Stored data Block Start

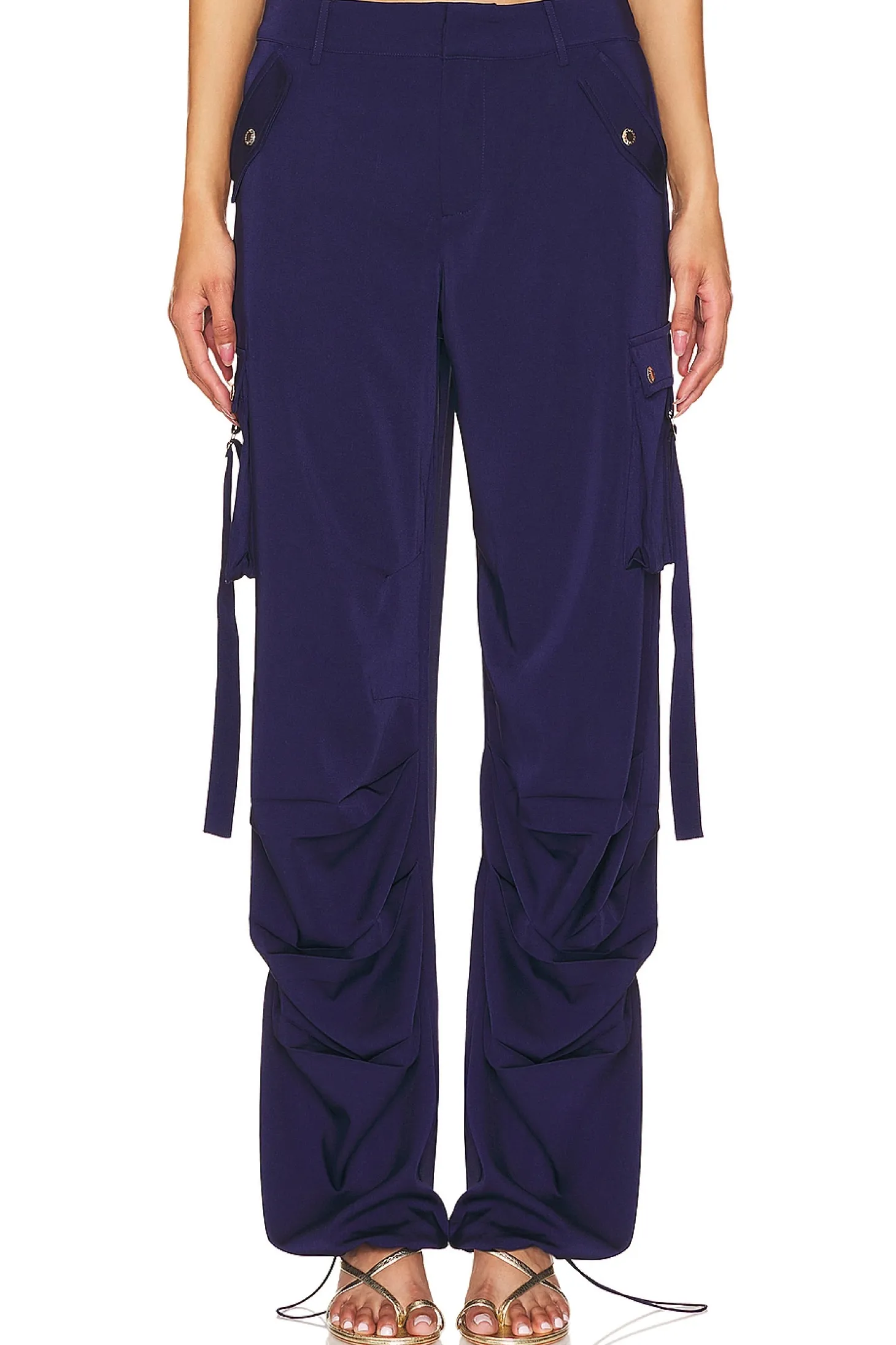 100% polyester.Made in China.Hand wash.Zip fly with hook and bar closure.Strappy detail.6-pocket styling includes two cargo button pockets.Satin fabric with drawcord hem Item not sold as set.20" at the knee narrows to 14" at the leg opening
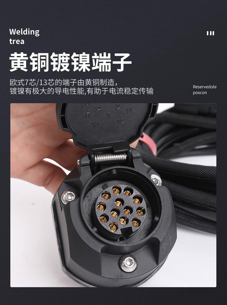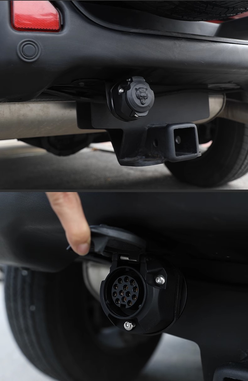 - Dual-standard configuration supports both 7-pin and 13-pin connections for versatile towing applications.
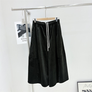 韩国订单秋冬新款宽松复古显瘦慵懒风阔腿裤灯笼裤松紧腰抽绳口袋
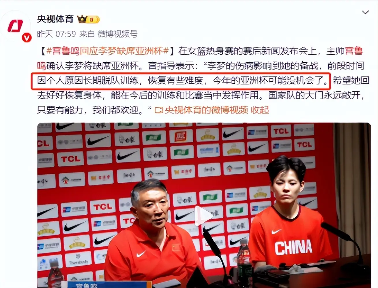 口碑更是一夜之间暴跌,众人对她的评价发生两级反转,可即便已经塌成这样,她在女篮依旧可以正常打球。
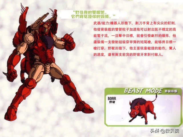 剃刀(razorbeast):白狮王小队核心成员之一,野兽形态是野猪,脾气非常的暴躁,战斗的时候百折不挠,坚定不移,无所畏惧,战斗素养极高,而在生活中哪怕是朋友惹怒他,他也会毫不留情的撞过去,是一个非常聪明的莽夫。
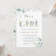 It's a girl baby shower invitation features painted watercolor eucalyptus and green leaves with botanical gold letters. For more advanced customisation of this design, please click Customise Further link to change font, size, and colour.
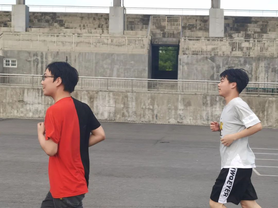 参赛选手使用步道乐跑或者Keep记录所跑路程,在规定时间内跑够十公里后可以在操场活动负责人处进行打卡签到。男生限时一小时十五分钟,女生限时一小时三十分钟。比赛开始,参赛选手踏上赛道,在奋力奔跑中释放活力与激情,接受毅力的考验与运动的乐趣。比赛途中,选手们大都选择匀速前进,大家相互鼓励,并肩奔跑,在汗水的浸透中感受着运动带给自己的愉悦。
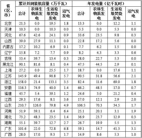 截至2017年底,全國共有30個省(區(qū)、市)投產(chǎn)了747個生物質(zhì)發(fā)電項目,并網(wǎng)裝機容量1476.2萬千瓦(不含自備電廠),年發(fā)電量794.5億千瓦時。其中農(nóng)林生物質(zhì)發(fā)電項目271個,累計并網(wǎng)裝機700.9萬千瓦,年發(fā)電量397.3億千瓦時;生活垃圾焚燒發(fā)電項目339個,累計并網(wǎng)裝機725.3萬千瓦,年發(fā)電量375.2億千瓦時;沼氣發(fā)電項目137個,累計并網(wǎng)裝機50.0萬千瓦,年發(fā)電量22.0億千瓦時。生物質(zhì)發(fā)電累計并網(wǎng)裝機排名前四位的省份是山東、浙江、江蘇和安徽,分別為210.7萬、158.0萬、145.9萬和116.3萬千瓦;年發(fā)電量排名前四位的省份是山東、江蘇、浙江和安徽,分別是106.5億、90.5億、82.4億和66.2億千瓦時。2017年各省(區(qū)、市)各類生物質(zhì)發(fā)電并網(wǎng)裝機及發(fā)電量如下:
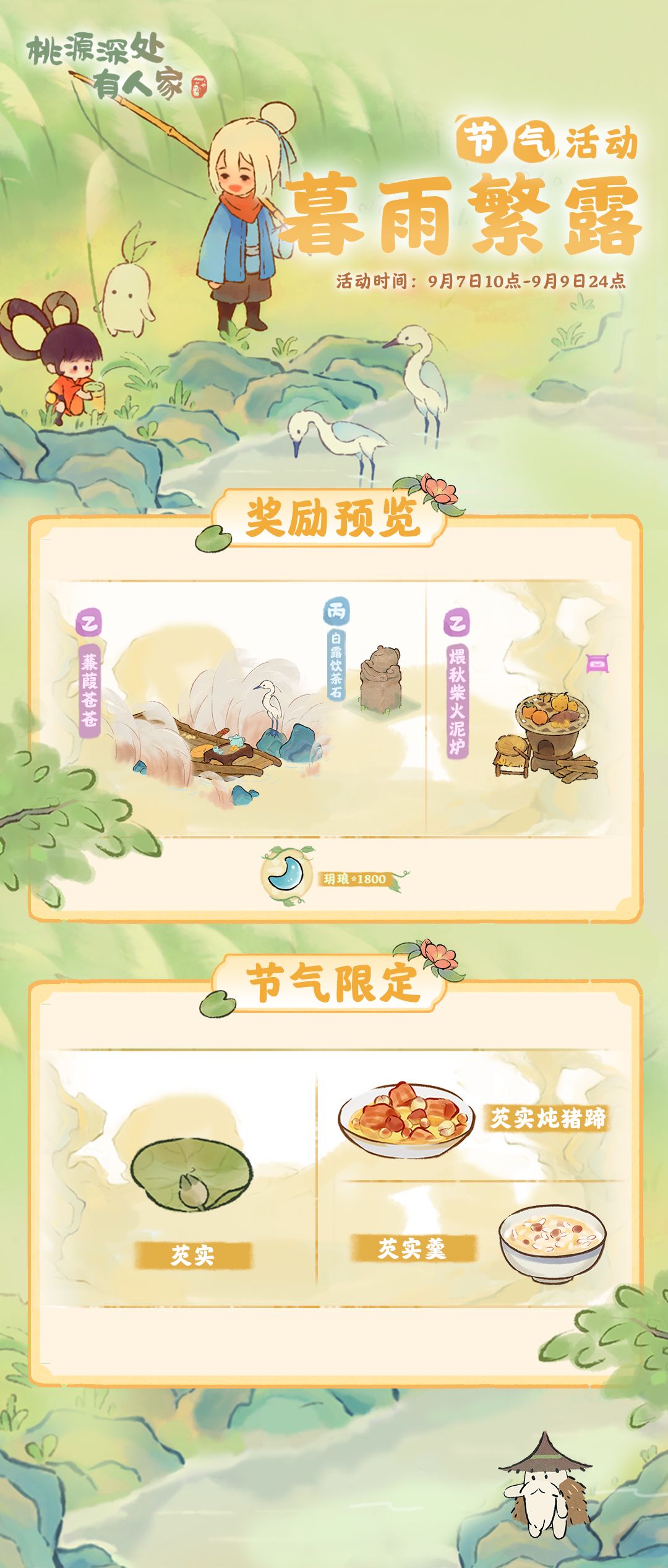 同时,装饰商店将上架秋季家居套装「千粟秋厢」中的「煨秋柴火泥炉」,并返场节气限定建筑「蒹葭苍苍」,山民们记得参与活动获取玥琅,不要错过兑换时间萝!
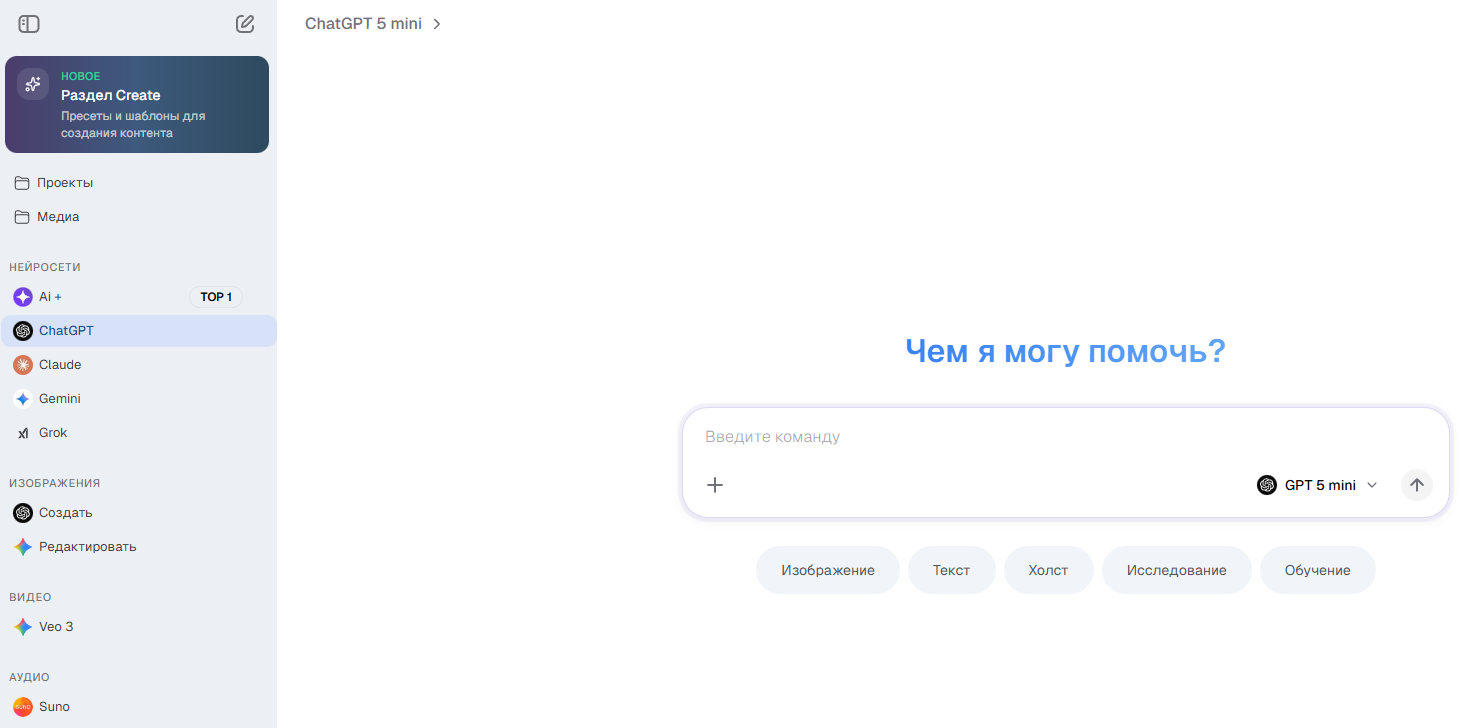 доступ к нескольким нейросетям в одном сервисе;
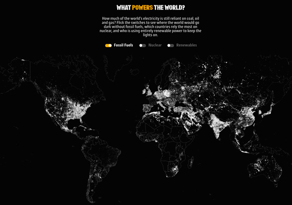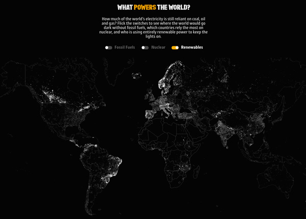 靠不同能源發(fā)電點亮的世界地圖,會是什么樣?從這個網(wǎng)站開發(fā)的世界地圖上 ( http://www.gocompare.com/energy/what-powers-the-world/ ), 你可能會找到答案。
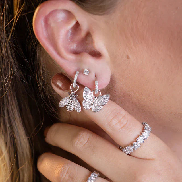 Brinco borboleta. Prata 925 com banho de ródio. Micro cravejado com zircônias. Pingente pode ser removido da argolinha, delicadeza e suavidade para sua orelha.

Stored data Block End

Exercise brief :: Using the listing above, copy exactly the lines from the one that contains "It's a girl" through its last line, both included, but not the pictures.

Solution to the exercise ::
 It's a girl baby shower invitation features painted watercolor eucalyptus and green leaves with botanical gold letters. For more advanced customisation of this design, please click Customise Further link to change font, size, and colour.
 参赛选手使用步道乐跑或者Keep记录所跑路程,在规定时间内跑够十公里后可以在操场活动负责人处进行打卡签到。男生限时一小时十五分钟,女生限时一小时三十分钟。比赛开始,参赛选手踏上赛道,在奋力奔跑中释放活力与激情,接受毅力的考验与运动的乐趣。比赛途中,选手们大都选择匀速前进,大家相互鼓励,并肩奔跑,在汗水的浸透中感受着运动带给自己的愉悦。
 截至2017年底,全國共有30個省(區(qū)、市)投產(chǎn)了747個生物質(zhì)發(fā)電項目,并網(wǎng)裝機容量1476.2萬千瓦(不含自備電廠),年發(fā)電量794.5億千瓦時。其中農(nóng)林生物質(zhì)發(fā)電項目271個,累計并網(wǎng)裝機700.9萬千瓦,年發(fā)電量397.3億千瓦時;生活垃圾焚燒發(fā)電項目339個,累計并網(wǎng)裝機725.3萬千瓦,年發(fā)電量375.2億千瓦時;沼氣發(fā)電項目137個,累計并網(wǎng)裝機50.0萬千瓦,年發(fā)電量22.0億千瓦時。生物質(zhì)發(fā)電累計并網(wǎng)裝機排名前四位的省份是山東、浙江、江蘇和安徽,分別為210.7萬、158.0萬、145.9萬和116.3萬千瓦;年發(fā)電量排名前四位的省份是山東、江蘇、浙江和安徽,分別是106.5億、90.5億、82.4億和66.2億千瓦時。2017年各省(區(qū)、市)各類生物質(zhì)發(fā)電并網(wǎng)裝機及發(fā)電量如下:
 同时,装饰商店将上架秋季家居套装「千粟秋厢」中的「煨秋柴火泥炉」,并返场节气限定建筑「蒹葭苍苍」,山民们记得参与活动获取玥琅,不要错过兑换时间萝!
 доступ к нескольким нейросетям в одном сервисе;
 靠不同能源發(fā)電點亮的世界地圖,會是什么樣?從這個網(wǎng)站開發(fā)的世界地圖上 ( http://www.gocompare.com/energy/what-powers-the-world/ ), 你可能會找到答案。
 Brinco borboleta. Prata 925 com banho de ródio. Micro cravejado com zircônias. Pingente pode ser removido da argolinha, delicadeza e suavidade para sua orelha.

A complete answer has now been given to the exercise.